機械金属中小を多く組織化するJAM(小出幸男会長)は8月29日から3日間、静岡・熱海市で定期大会を開き、組織拡大や組織機構改革などを柱とする向こう2年間の運動方針を決めた。組織人員は、1999年結成時の約47万人から、5年間で10万人弱減らして約37万人(2004年10月現在)となっており、組織拡大が最大の課題だ。そのため、地域でのオルグ活動強化を狙い、人材・資源の配分を地域に振り向ける組織機構改革案「新しいJAMのあり方に関する基本構想」を提起。再来年の大会まで2年間、具体的な中身について論議することとした。役員選挙では、小出会長、大山勝也書記長が再任された。

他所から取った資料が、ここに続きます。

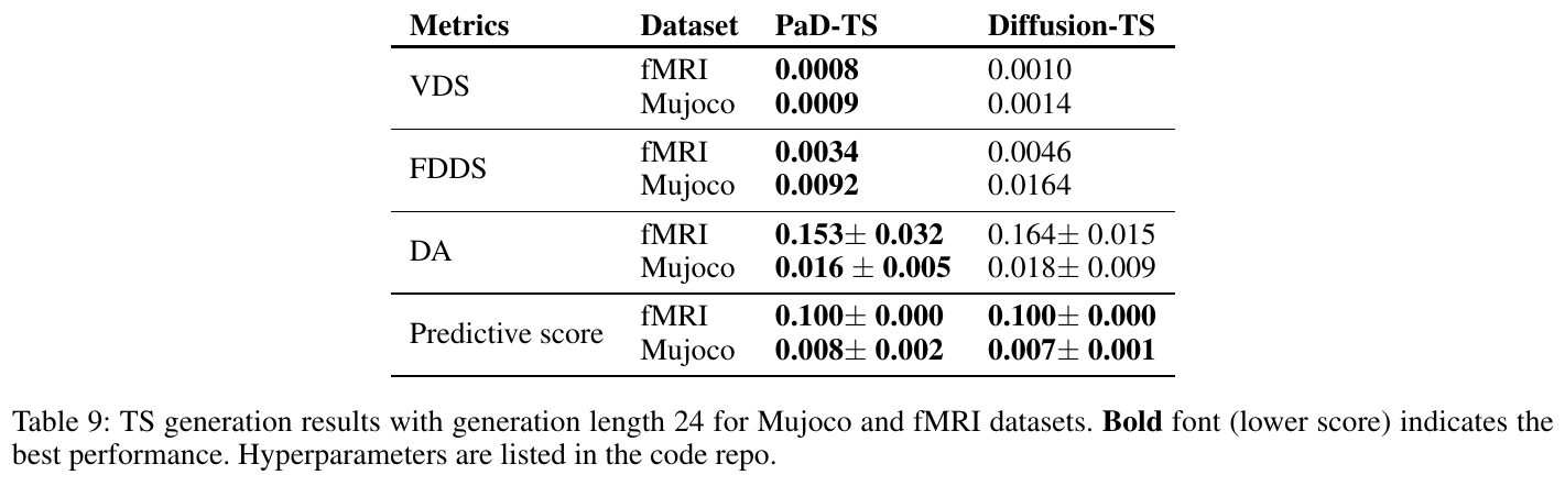 この画像は、PaD-TSとDiffusion-TSの2つのモデルを用いてMujocoとfMRIデータセット上で時系列データを生成した結果を示しています。VDS(Value Distribution Shift)とFDDS(Functional Dependency Distribution Shift)のスコアが小さいほど、生成されたデータが元のデータに近いことを示しています。特に、PaD-TSはほとんどの指標で優れた性能を示しており、特にfMRIデータセットでのVDSとDA(Discriminative Accuracy)のスコアでDiffusion-TSを上回っています。これにより、PaD-TSが時系列データの生成において優れた正確性と元のデータ特性の保持能力を持つことがわかります。

あいさつの中で小出会長は、組織拡大について、「組織化経験者が少ないのが現状。地域で実践的な(オルグ)教育を強化する」として、組織化を進める人材の育成に力を入れることを強調しながら、具体的な組織化の方法として、「(地域での組織拡大に加えて)企業の連結経営が強化される中、関連会社を把握することは労組としても重要。関連会社の組織化を進める」との考えを示した。組織拡大に向けた機構改革に関しては、「中小労組をきめ細かに面倒見るのがJAMの最大の特徴。この原点に帰って(地方組織のあり方を)再構築したい」と説明した。

運動方針の最重要課題である組織拡大の具体的な中身は、 (1) オルガナイザー養成による地域での組織化強化 (2) 業種別のつながりを通じたオブ加盟・未組織の組織化 (3) 企業グループ・関連会社の組織化 (4) 相談活動などを通じた個人加盟方式による組織化――など。総がかりによるオルグ体制をつくるための人材育成を進めながら、身近なところの未組織・中立組合の組織化を図ることで、組織拡大の実を上げる考えだ。

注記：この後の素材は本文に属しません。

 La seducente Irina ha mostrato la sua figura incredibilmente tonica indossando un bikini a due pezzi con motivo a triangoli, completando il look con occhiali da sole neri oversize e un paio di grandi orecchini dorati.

この組織拡大を人材・財政の面から裏付けるために、「新しいJAMのあり方に関する基本構想」を提起した。基本構想は、地方組織について、従来の31から17に大括りに再編して効率化を図るとともに、その分の人材・財政を地域協議会(地協)に振り向ける機構改革が骨格。ヒト・カネを地域に重点再配分することで、地域活動を活性化し、地域・中小労組への対応の充実と組織拡大の強化をめざす。組織人員の大幅な減少などを背景とする組織の弱体化を止め、再活性化を図るためには、抜本的な組織改革が必要不可欠だとの判断だ。具体的な新地方組織のあり方・活動の中身については、本部三役会の下に設置する「本部作業委員会」で基本構想を固めるとともに、「新地方JAM準備委員会」を設けて議論することとしている。手続きスケジュールとしては、来年の大会で構想を具体化した「新しいJAMのあり方」を決め、細部を詰めながら、再来年の大会後に新地方組織を発足する考えだ。

論議では、組織機構改革について、「大括りでは地域・中小に対する日常活動が滞るのではないか」(岐阜)、「きちんと組織のあり方を明確にすることが先決だ。単なる職員の再配置では絵に描いたモチになる」(大阪)などの意見がでた。